We evaluated KGI using measurement of mRNA obtained from urine EVs. We previously introduced the usefulness of a single gene, ANXA1, in the detection of graft injury in a single center analysis of kidney injury model [14]. Subsequently, a nation-wide survey including the search of candidate gene by next generation sequencer (NGS) was developed to verify this result.
Here, 39 candidate genes, which were selected based on our preparation study, were analyzed by qPCR among 127 cases. CXCL9, CXCL10, SPDEF, SPNS2, and UMOD showed statistical differences between some graft rejection types. Among these, CXCL9/CXCL10 and UMOD were shown to be significant biomarkers in TCMR, as their expression showed robust enhancements in samples from TCMR; in contrast, there was no increase in the expression of these genes in samples from patients with antibody-mediated rejection. Previous literature stated that the chemokines—CXCL9 and CXCL10—were significant biomarkers for detecting allograft rejection in animal models and a clinical multiple-institute study. Our present study clearly supports these results [7, 8, 15, 16]. In this study, the detection of TCMR by single genes other than CXCL9 or CXCL10 was difficult; however, a combination of multiple candidate mRNA generated reliable diagnostic formula and became the promising biomarker instead of graft biopsy and pathology in the diagnosis of KGI. For example, we also determined that UMOD can be an alternative biomarker for TCMR detection. UMOD is a gene encoding uromodulin, also called Tamm-Horsfall protein. Uromodulin, a kidney specific protein located in the medullary thick ascending limb of loop, is reportedly a predictor of tissue injury in patients with anti-neutrophil cytoplasmic antibody-related nephritis24). Moreover, UMOD expression in urine EVs is a predictive biomarker of the development of diabetic kidney disease in patients with type 2 diabetes [12].
B4GALT1 expression was increased in cABMR but decreased in cCNIT. Both KGIs induce gradual arteriole stenosis and consecutive tissue injury as a result of chronic ischemic changes. B4GALT4 is a promising gene biomarker for distinguishing those two events and has critical significance given the contrary management of immunosuppressants dosing for these conditions. B4GALT1 is a gene encoding glycosyltransferase and influences B cell activation [25], and has been used as a predictive marker for disease progression and prognosis in malignancy26). The relationship between B4GALT4 and kidney injuries has not been well studied. In the present study, SPNS2 was also nominated as a biomarker gene and has similar expression patterns to B4GALT1. SPNS2 plays a role in anti-fibrotic and anti-inflammatory processes in human kidney gene tissue [27].
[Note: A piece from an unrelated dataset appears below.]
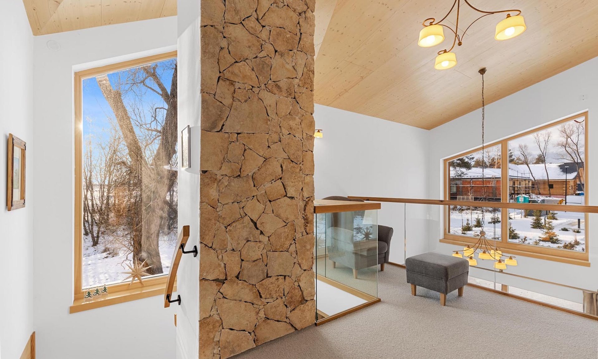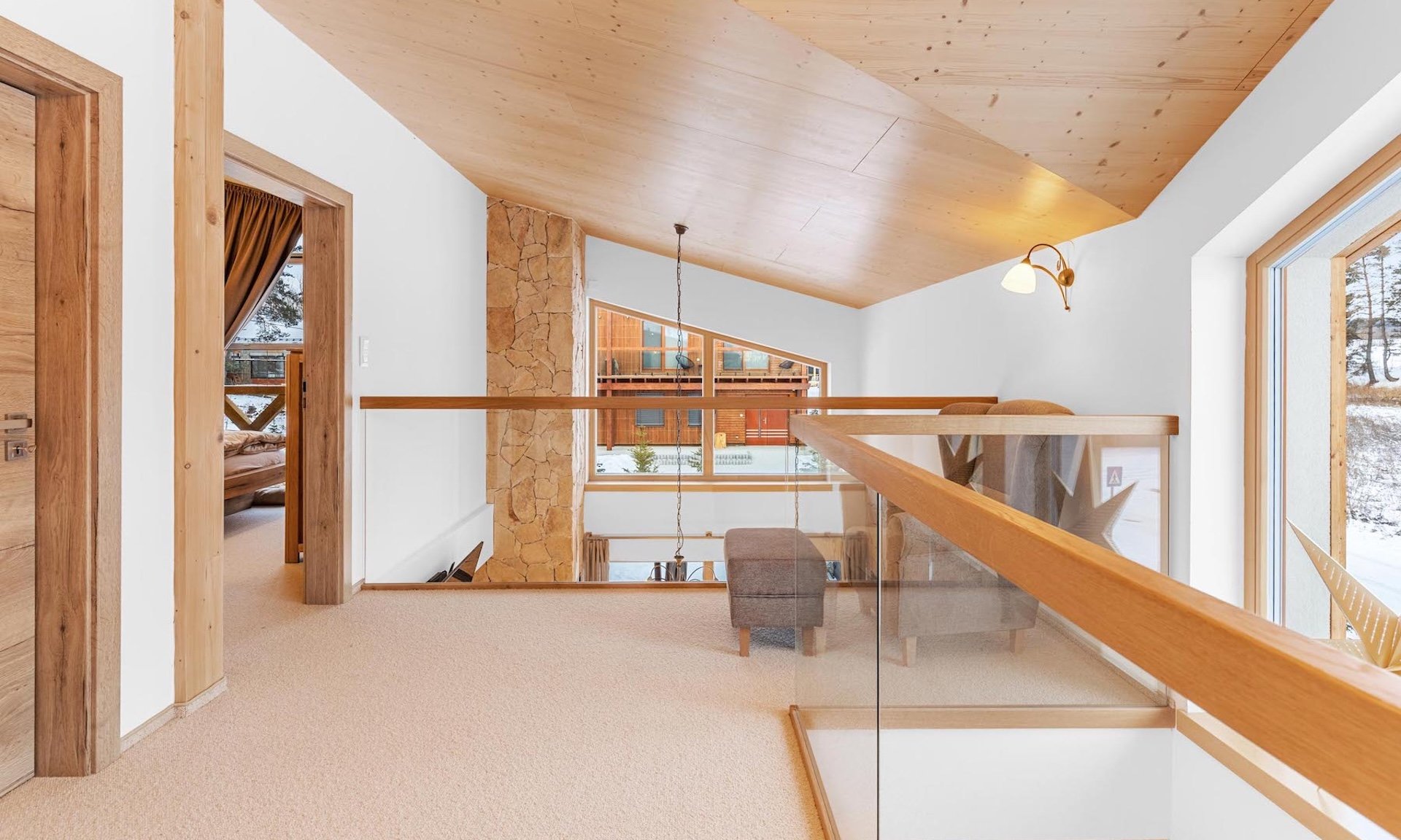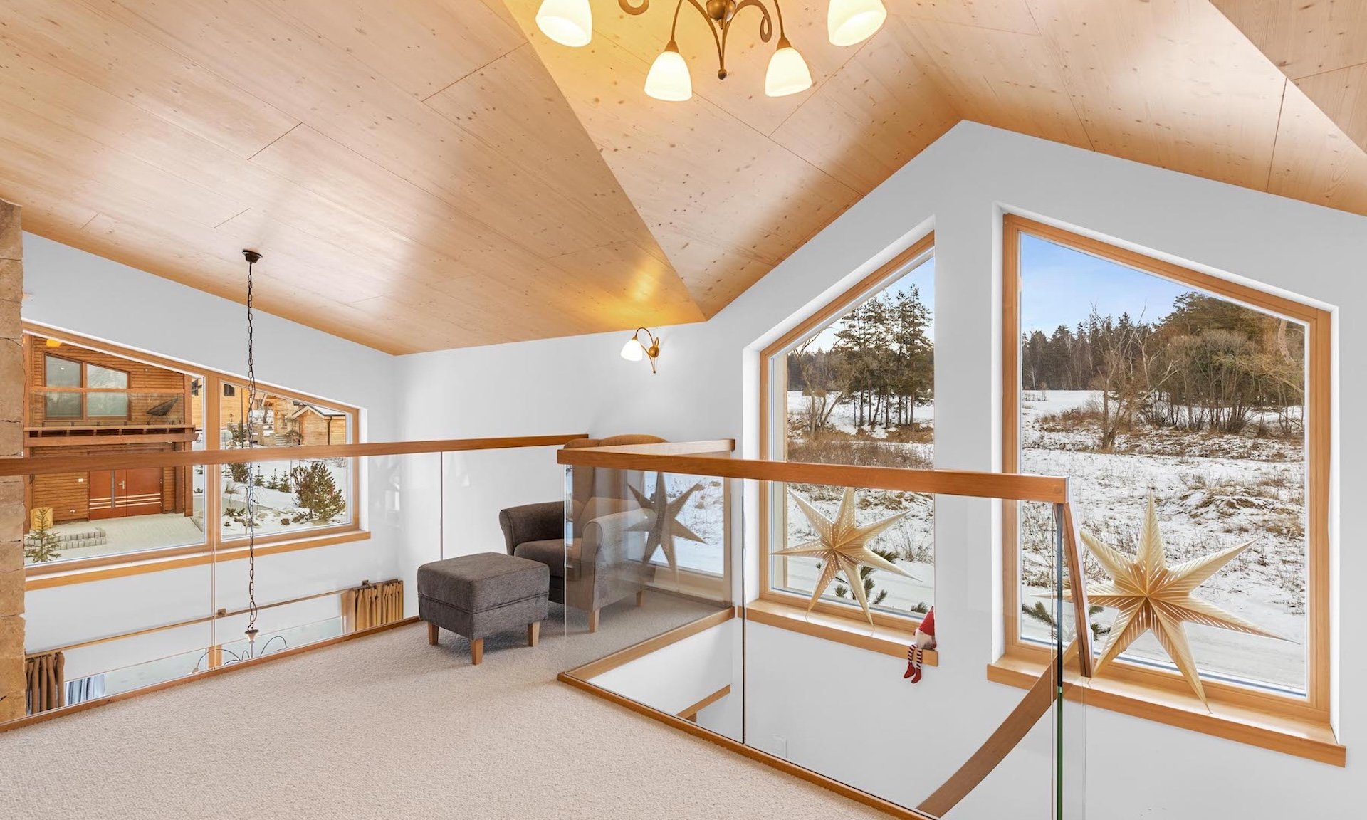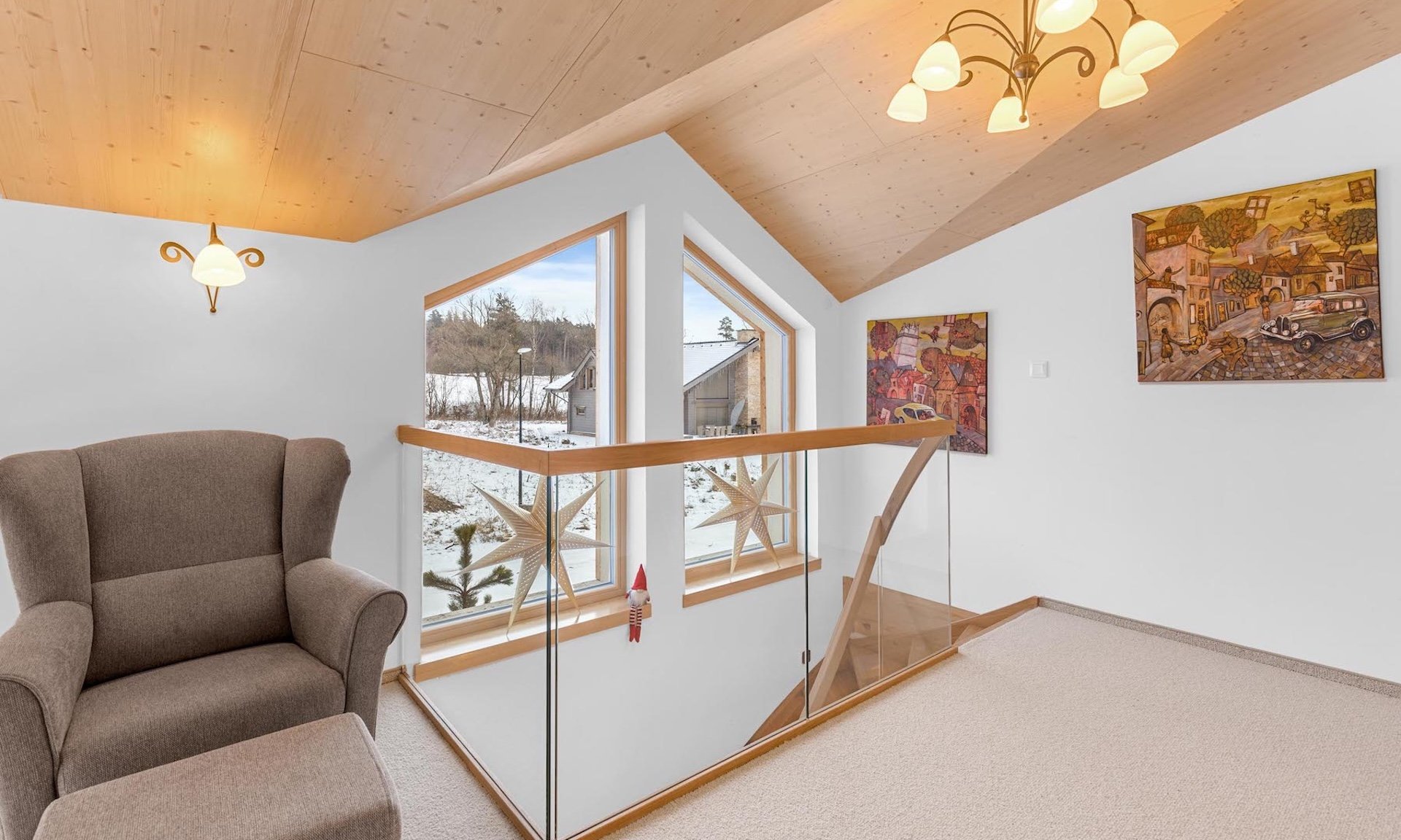 The upper floor is dedicated to the night zone with three bedrooms, including a master suite with en-suite bathroom and a balcony facing the panoramic views of the Tatras. The gallery mezzanine serves as an attractive relaxation area, library or home office with views of the surrounding landscape.

SLC12A1 was identified as a candidate marker for reflecting the severity of IFTA by qPCR analysis. NKCC exists on the cell surface and has two variants, NKCC1 and NKCC2; NKCC2 is expressed only in kidney tissue and encoded by SLC12A1 [28]. However, the role of NKCC in graft fibrosis and tubular atrophy is not understood.
Finally, POTEM and HAVCR1 were nominated as the candidate biomarkers for the detection of BChS, which is supposed to correlate graft loss. HAVCR1, also called TIM-1, is a known biomarker of kidney injury and has been proven to be a candidate marker for chronic KGI. While POTEM was also identified as a candidate biomarker, further study is needed regarding its mechanism of involvement in the progression of chronic graft damage.